The secondary risk is from GPS jamming. There are frequent reports from crews of GPS signal interference in Turkish airspace - with some as far away as abeam Baghdad. GPS jamming is common through the LTAA/Ankara FIR, and especially on the border between the ORBB/Baghdad and OIIX/Tehran FIRs.

Major events:
Nov 2022: Shelling and a rocket strike near a town in southern Turkey, near the border with Syria.

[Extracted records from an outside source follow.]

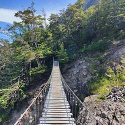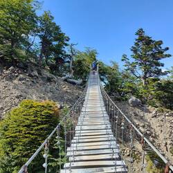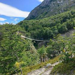 We were moving quicker this morning because we didn't take our bags with us, the path was relatively flat to start out with through the forest, and then about 20 minutes in got a bit steeper. We continued another 15 minutes and came to our first suspension bridge over a river/small gorge area. The bridge was really fun to walk across and you had a nice view of Lake Grey and Glacier Grey. I wasn't sure if I wanted to keep going, but Allan spurred me forward another 35 minutes to the next lookout and suspension bridge. We had an even nicer view of the glacier. Allan then went across the bridge a little bit further to another viewpoint.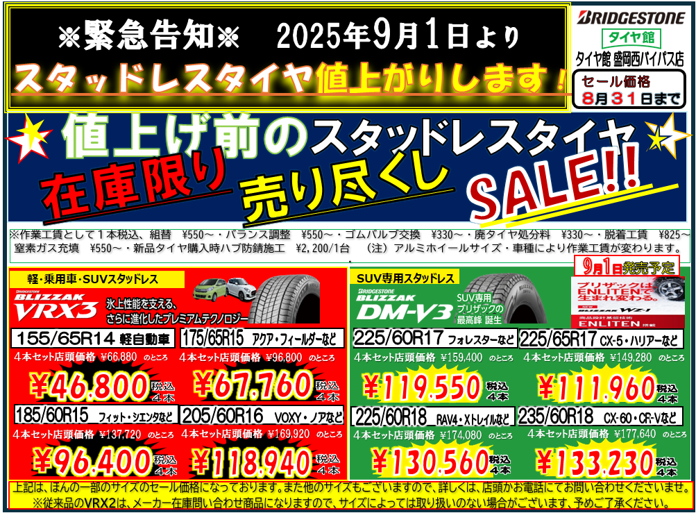 一緒に値上げ前に、スタッドレスタイヤもいかがですか?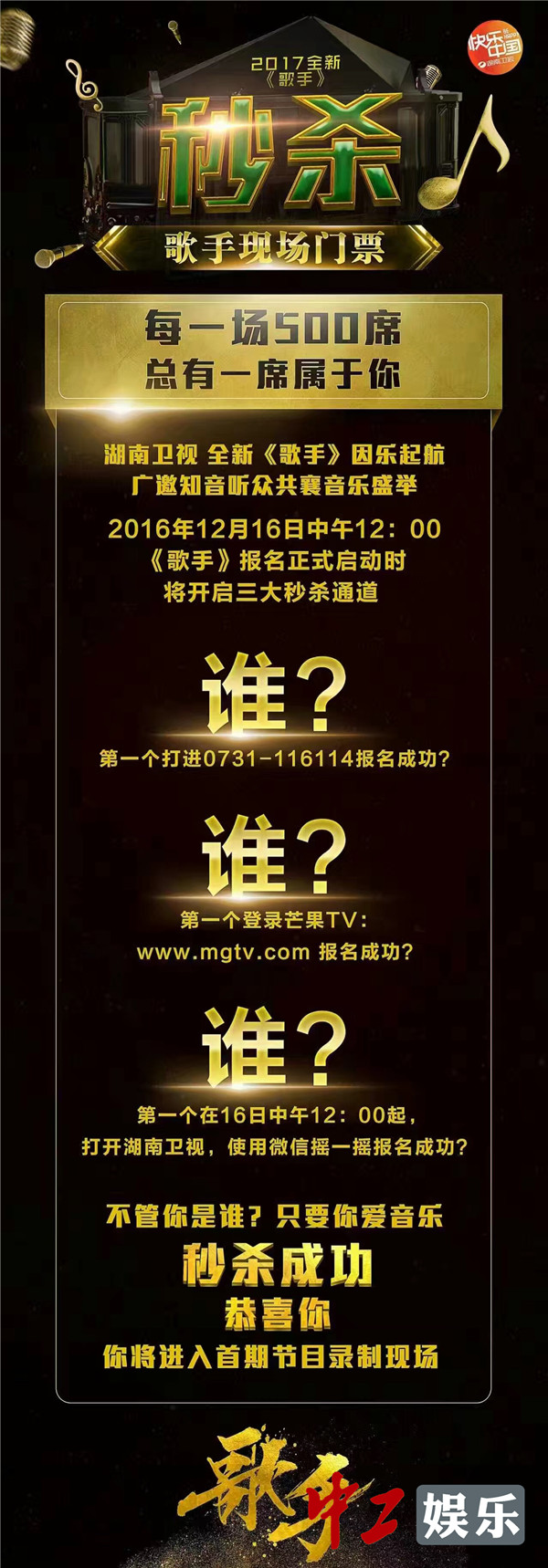 3. 12月16日中午12:00起任何时段打开湖南卫视,使用微信摇一摇报名;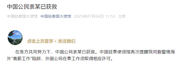 中国驻泰国大使馆7月4日发布消息,在各方共同努力下,中国公民衷某已获救。中国驻泰使领馆再次提醒我同胞警惕海外“高薪工作”陷阱,外国公民在泰工作须取得相应许可。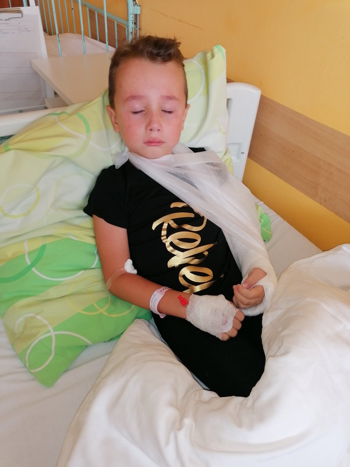 @sutaz Počas karantény, keď boli škôlky zatvorené sme sa tešili, kedy ich konečne otvoria.. Blížil sa september, ja som získala novú vysnívanú prácu, tak som sa tešila, že všetko ide podľa predstáv a malý konečne nastúpi do škôlky.. Bol krásny deň, boli sme sa kúpať a keď sme sa vracali domov, potkol sa a padol pár metrov pred domov.. Videla som ze kosť vybehla nad lakťom vonku.. 😑 Utekali sme na pohotovosť, kde nám povedali ze ruka je len narazena.. Mne to ale nedalo, tak som volala do BB kde nás o týždeň objednali na kontrolu.. Celá natesena že veď len "narazena" sme tam o týždeň išli.. Nikdy nezabudnem na tie slová keď si ma zavolali na bok a povedali ze tu bude musieť ostať na operáciu lebo to ma už zle zrastené a kedy naposledy jedol a pil lebo je to urgentne.. Lámali mu tu ruku na novo a dali drôty.. O 3 týždne na kontrole mu vyšiel drôt von lebo ho telo neprijalo, tak opäť operácia.. Poviem Vám, toto obdobie rusok a karantény nezabudnem nikdy.. Bolo to najhoršie obdobie a vďaka niektorým ľuďom som to zvládla.. Trvalo to 3 mesiace, malý stihol škôlku v decembri 2 týždne a opäť ju zavreli.. 🙈 Vždy keď si spomeniem na to, čo sa stalo tak ma pichá pri srdci.. Keď mu robili rentgen a vytacali tu ruku v tej prvej nemocnici kde ruka bola len narazena a smiali sa mu ako vyvadza, lebo veď je " len narazena" na to nezabudnem nikdy, keďže mi tam od bolesti odpadaval.. 😐 Takže na toto obdobie plne bolesti nezabudnem.. Pridávam aj fotku z toho obdobia.. Výhre by sa veľmi potešil..

Turkey has been carrying out airstrikes on Syria and Kurdish regions of Iraq.
May 2021: Attempted drone attack by local militia on LTCC/Diyabakir airport in South Eastern Turkey.
Jan 2019: Turkish security forces intercepted three weaponised drones during attempted attacks against sites in southern Turkey.
06Oct22 Turkey Notam LTAA A6691/22 Expect GPS interference in Turkish Airspace.
19May21 USA FAA Information Note Turkey Drone attack in May 2021 on LTCC/Diyabakir airport in South Eastern Turkey. Local militia targeting military interests are thought to be responsible. While no threats have been made against civil aviation, the militia are known to have access to portable anti-aircraft weaponry which may pose a low-level risk through misidentification.
United Arab Emirates
Improving airspace risk picture in the UAE, where there have been no reported drone or missile strikes from Yemen since a ceasefire was agreed in April 2022. However, the ceasefire has not been extended as of Oct 2022 despite intervention from the UN, and there are concerns that the conflict may start up again soon.

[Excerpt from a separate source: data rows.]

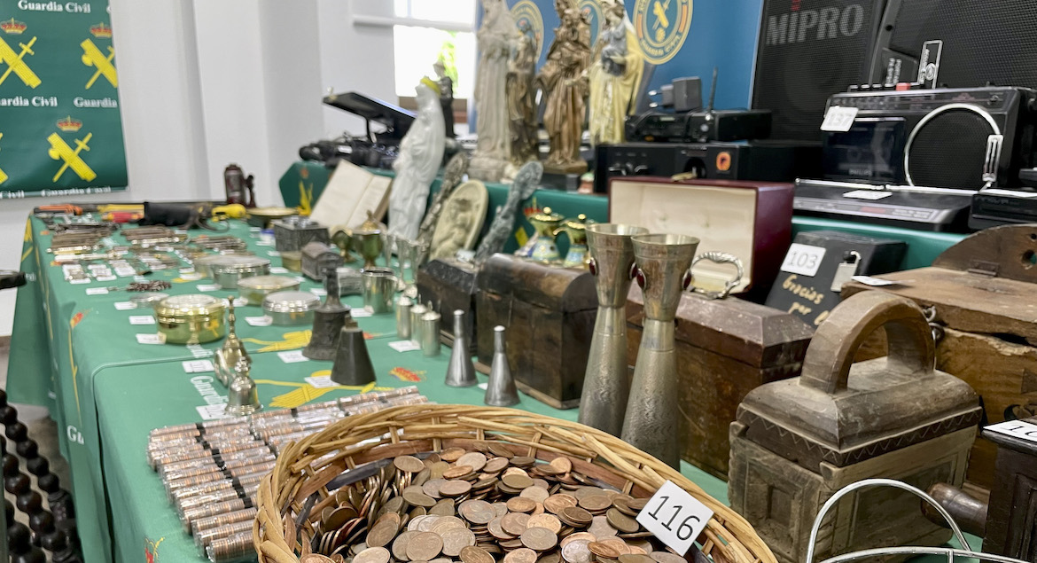GRAF5513. SANTANDER, 08/05/2023.- Objetos encontrados en el domicilio de una pareja cántabra de 41 y 45 años, detenida por el robo de al menos 93 iglesias en Cantabria, Asturias y Palencia, en las que se llevaban el dinero de la recaudación y diversos objetos. La Guardia Civil ha detenido a una pareja, un hombre y una mujer, a los que se les imputan al menos 93 robos en iglesias de 82 localidades, la mayoría en Cantabria pero también en Asturias y Palencia en la operación "Sanandrés". La pareja, de 41 y 45 años, residente en Villacarriedo (Cantabria), buscaba templos alejados de núcleos urbanos y usaba hasta cuatro vehículos diferentes para eludir la acción de la Guardia Civil.- EFE/Pablo Ayerbe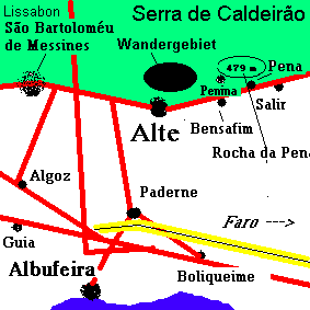 Wandern Sie auf diesem Weg, der nach links Richtung Osten ohne Steigungen am Berg entlang führt, weiter. Sie kommen an einem eingezäunten Hausgrundstück vorbei, danach haben Sie einen fantastischen Blick über die Berge bis zum Meer. Sie können - immer mit freiem Blick nach Süden - auf dem Weg noch etwa eine halbe Stunde weitergehen. Dann allerdings versperrt ein Drahtzaun Ihnen den Weg. Dichtes Gestrüpp verhindert ein Weitergehen. Also müssen Sie umkehren und auf dem gleichen Weg zurück Richtung Dorf gehen; dennoch wird es Ihnen angesichts des stetigen "Superblicks" über die Serra de Caldeirão mit Sicherheit nicht langweilig werden!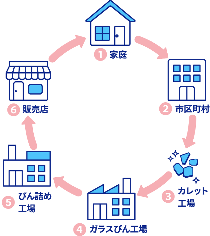 家庭から排出された空きびんは自治体によって収集され、資源化センターで選別したあと、ガラスびんの原料となる再生原料(カレット)に加工されます。カレットを利用することで溶融効率が向上するため、ガラス溶融に必要なエネルギーを節約し、CO₂排出量を削減することができます。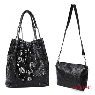 Set 2 Túi Xách Tay / Đeo Vai / Cầm Tay In Họa Tiết Đầu Lâu Cho Nữ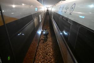 (251001) -- ZHENGZHOU, 1 octubre, 2025 (Xinhua) -- Imagen del 30 de septiembre de 2025 de mecánicos revisando un tren...

If the conflict resumes, Houthi drone and missile attacks on targets in the UAE pose a potential threat to ops at airports, and for overflights of the OMAE/Emirates FIR. OMAA/Abu Dhabi Airport has been targeted on several occasions in the past. There are not currently any official airspace warnings for the OMAE/Emirates FIR by any countries, but we are listing this info here for reference.

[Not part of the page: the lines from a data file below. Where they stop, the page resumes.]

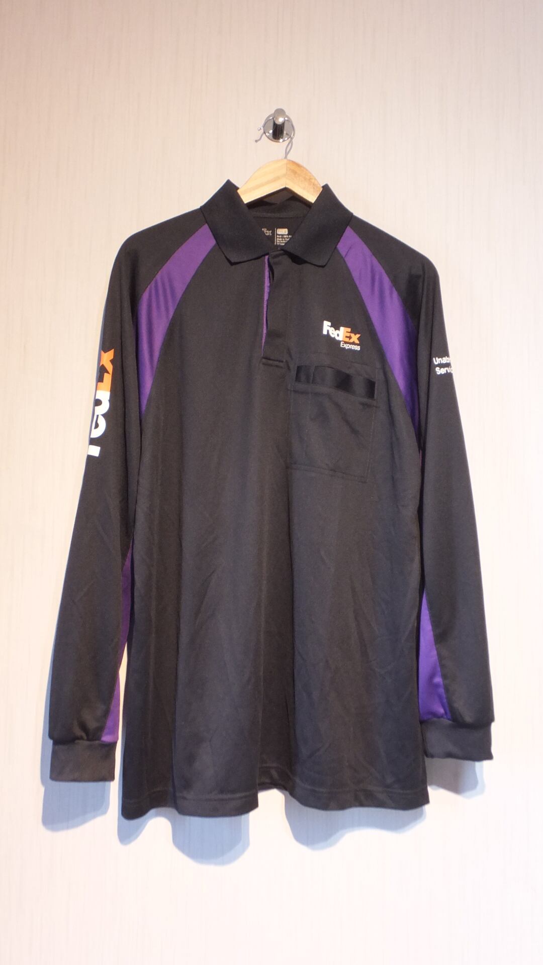アメリカ本社の物流世界最大手、FedEx フェデックス のロゴ入り作業員ポロシャツです。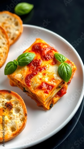 Lasagne served on a white plate with a drizzle of fresh basil and a side of garlic bread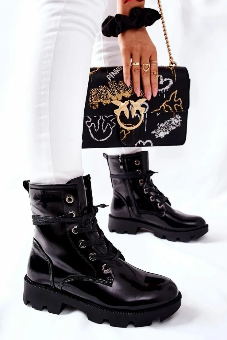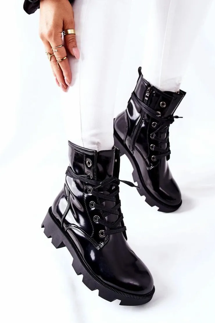 Klasyczny fason ze sznurowaniem oraz zapinaniem z boku cholewki. Wykonane z lakierowanej skóry ekologicznej. Przy wyborze rozmiaru prosimy sugerować się tabelą rozmiarów.

The primary risk is from incidental damage from Houthi drone and missile attacks on airports. Also note that short notice airspace disruptions are likely, along with air defence activity near major cities.

Major events:
Feb 2022: At least three drones were shot down by surface-to-air missiles in UAE airspace on Feb 2. This time militants in Iraq have claimed responsibility for the attack.
Jan 2022: Houthi ballistic missile targeting Abu Dhabi was destroyed on Jan 30 - the third attack in two weeks. Flights at OMAA/Abu Dhabi were briefly affected.

Read: OPSGROUP article: Has The Yemen Conflict Reached The UAE? Jan 2022

16Feb21 United Arab Emirates Notam OMAE A0404/21 Risk from Houthi weapons targeting UAE territory. (This Notam was cancelled in May 2021 and not re-issued, but we are keeping it listed here for reference).
Japan
The primary risk is from debris from missile re-entries striking aircraft overflying the oceanic part of the ZKKP/Pyongyang FIR over the Sea of Japan. North Korea regularly conducts unannounced missile tests in this area. Consider rerouting to remain over the Japanese landmass or east of it.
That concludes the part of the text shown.